- _Brief_
There is a line containing "The HCAR is" in the records below. Repeat it and every line after it, exactly, through the final line, but no pictures.

--- Task input Enclosed Below ---

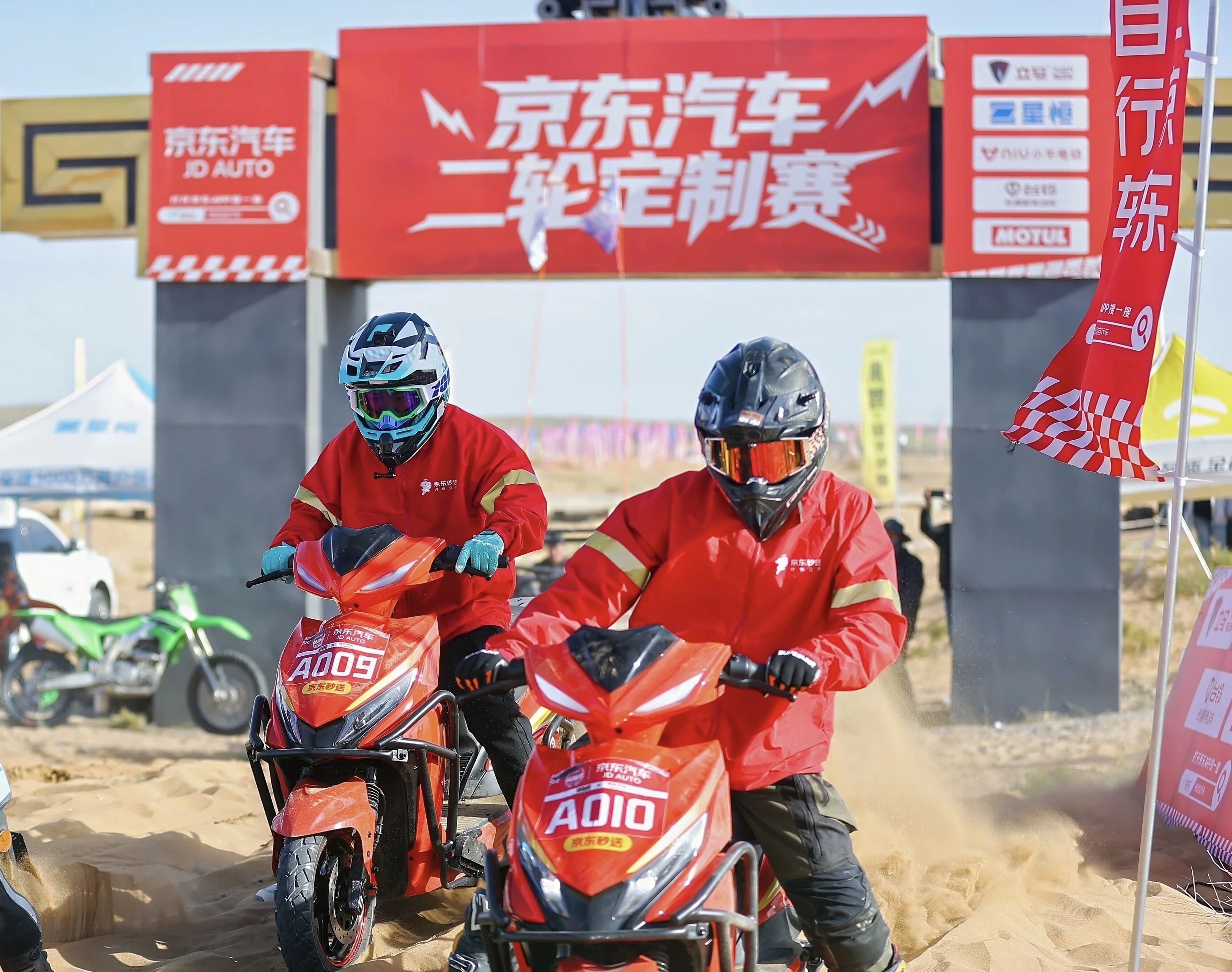 在二轮定制赛中,由立马与京东联合定制的外卖车闪电3.0强势登场。在与诸多车型的同场竞赛中,闪电3.0在沙地赛道中尽显超强性能与骑行稳定性,车辆搭载的大动力电机提速快、输出稳定,让车辆在赛场上一骑绝尘。而TCS防侧滑系统则让车辆在沙尘、起伏路面等现场的极限环境中保持高度稳定。
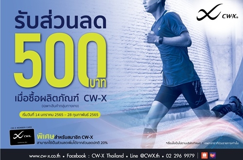 อย่าลืมมาช้อป CW-X ที่จะช่วยให้การวิ่งนี้สนุกขึ้น ได้แล้ววันที่ 14 มกราคม 2565 – 28 กุมภาพันธ์ 2565 ที่ร้านค้า CW-X สาขาสเตเดียมวัน, ศูนย์การค้าซีคอน ศรีนครินทร์, ห้างสรรสินค้าเจพาร์ค ศรีราชา, ศูนย์การค้ายูดีทาวน์ อุดรธานี และศูนย์การค้าซีคอนบางแค สามารถสอบถามรายละเอียดเพิ่มเติมได้ที่ www.cw-x.co.th, Facebook : CW-X Thailand, Line @CWX.th โทร 02 296 9979 เงื่อนไขเป็นไปตามบริษัทฯ กำหนด
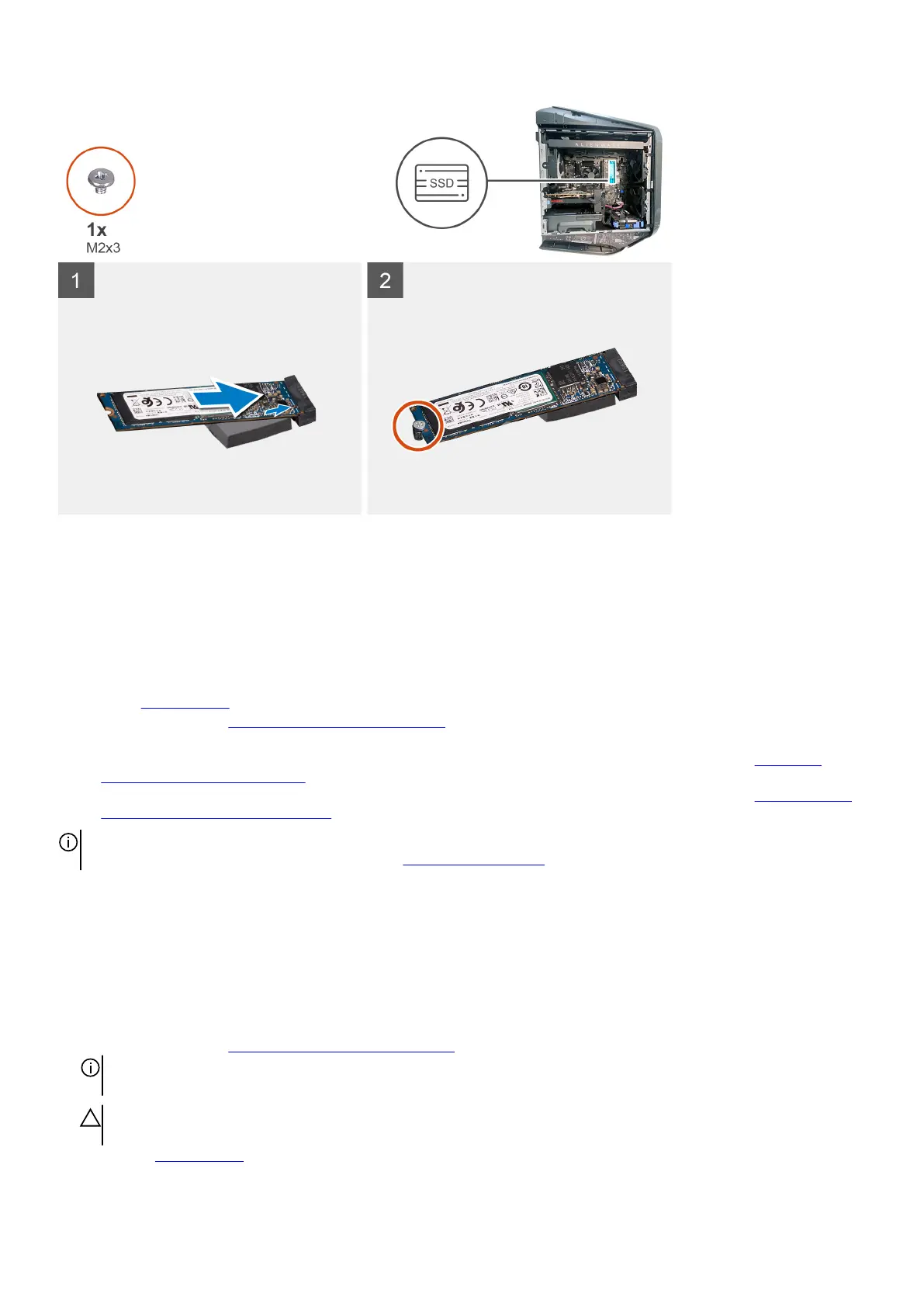 3. Press the other end of the 2280 solid-state drive down and replace the screw (M2x3) that secures the 2280 solid-state drive to
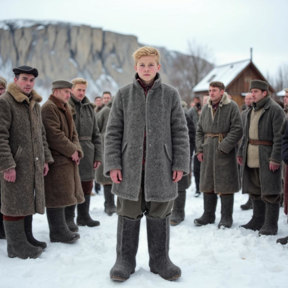 Перед выходом он нашёл в сарае огромные, старые валенки. Валенки были потрёпанные, но ещё целые. Мужчина, который носил эти валенки, наверно был в жизни настоящим русским богатырём. Валенки были настолько большими, что в них могли поместиться ещё три такие же маленькие ноги, как у мальчика. В валенках было тепло, но идти было очень тяжело.
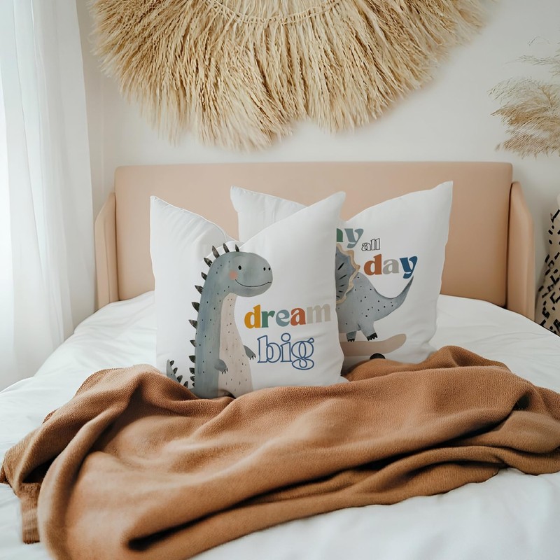 KAIOUS Dinosaur Pillow Case, Dream Big Dinosaur Dino Throw Pillows Cover Cushion Cases Decor for Kids Toddler Girls Boys Room Bed Nursery 18x18 Inches Set of 2
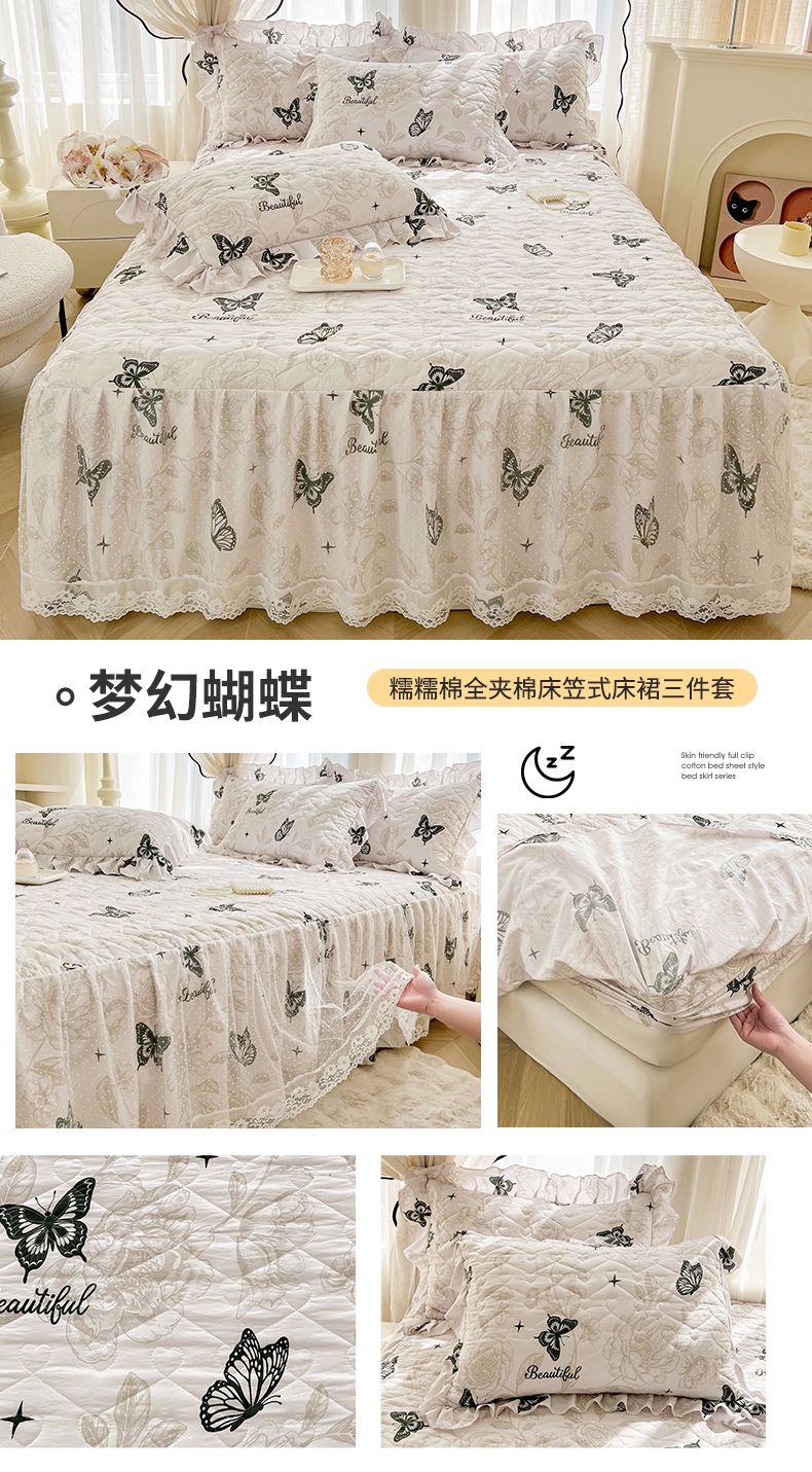 宜凡家纺 2025新款糯糯棉全夹棉床笠式床裙三件套 梦幻蝴蝶
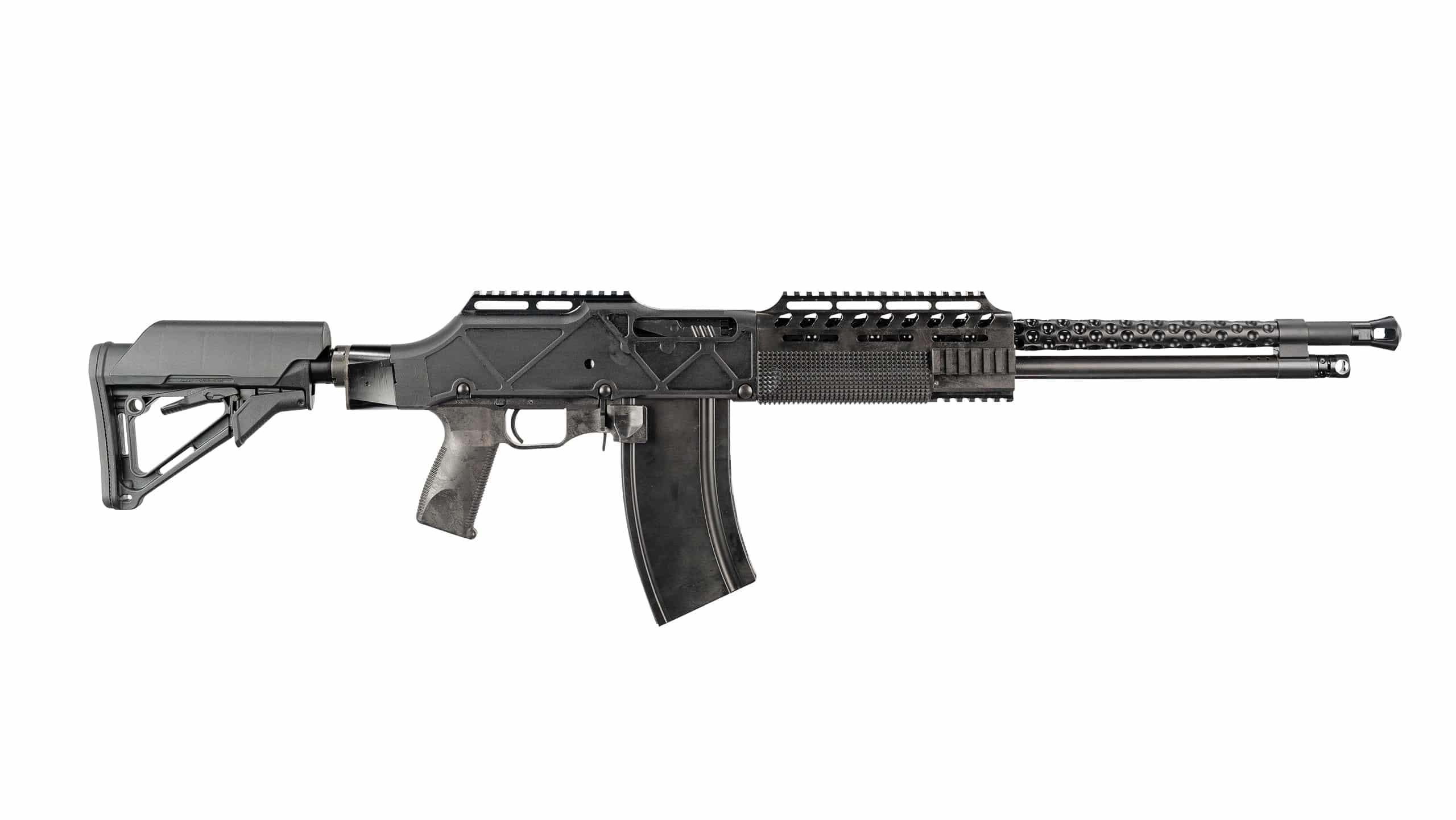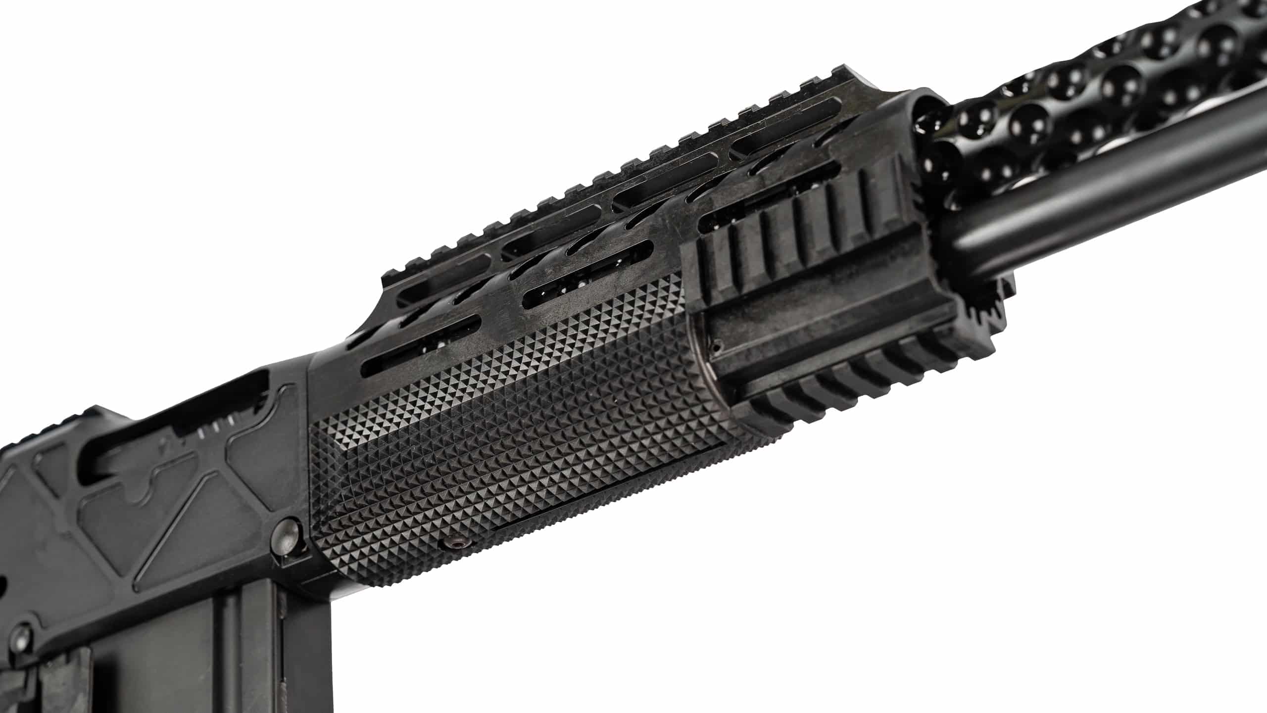 The HCAR is a modernized version of the M1918 BAR, with improvements such as adjustable stock, 45-degree selector switch, takedown pins, bolt hold open, picatinny rails and carbon fiber trigger section. It also features an adjustable gas regulator (3-position) for suppressors, and a hydraulic buffer. It comes with either a 16″ barrel or 20″ barrel, with a 1/10 rifling twist rate and a 5/8-24 muzzle threading. The barrel is free-floated for better precision.
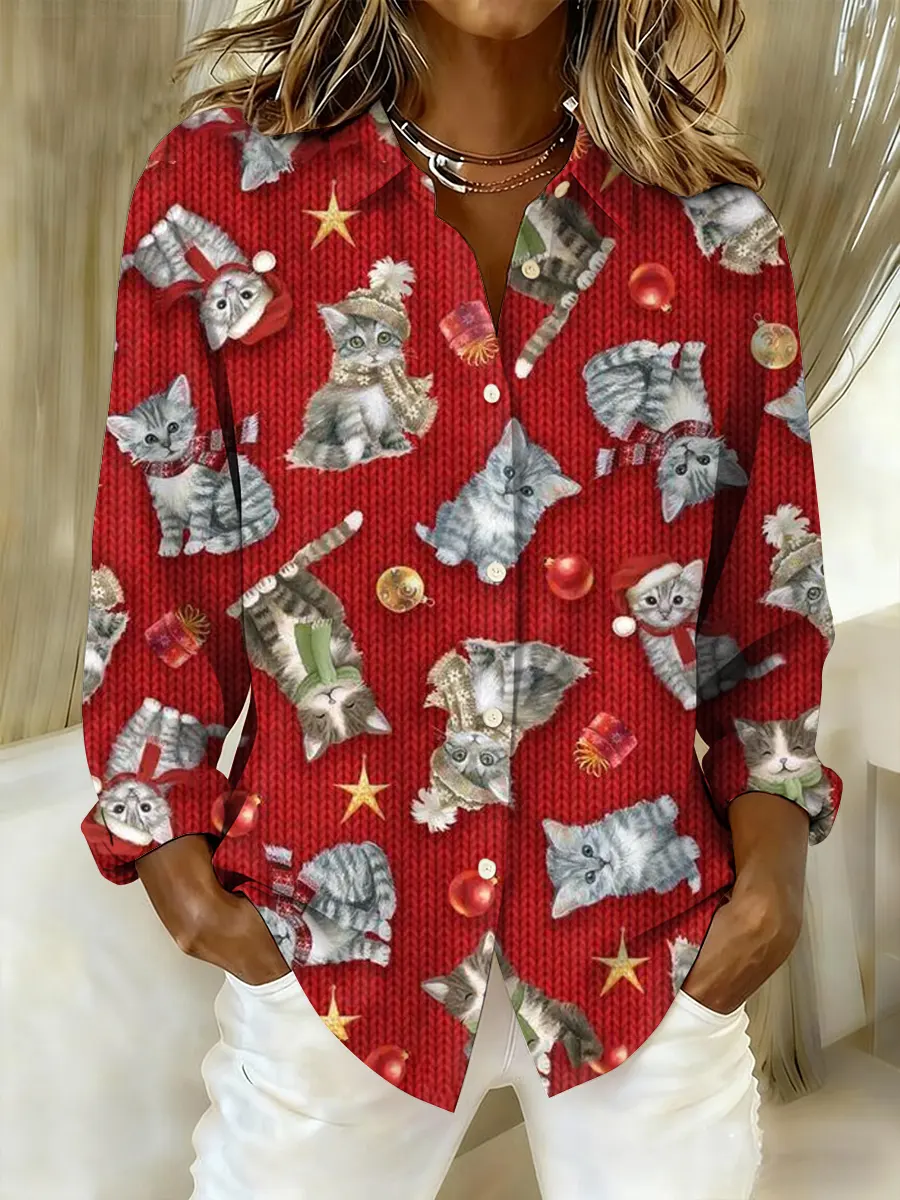 Retro Christmas Cat Art Cotton Long Sleeve Shirt

--- End of Enclosed Task input ---

- _Problem solution_
 The HCAR is a modernized version of the M1918 BAR, with improvements such as adjustable stock, 45-degree selector switch, takedown pins, bolt hold open, picatinny rails and carbon fiber trigger section. It also features an adjustable gas regulator (3-position) for suppressors, and a hydraulic buffer. It comes with either a 16″ barrel or 20″ barrel, with a 1/10 rifling twist rate and a 5/8-24 muzzle threading. The barrel is free-floated for better precision.
 Retro Christmas Cat Art Cotton Long Sleeve Shirt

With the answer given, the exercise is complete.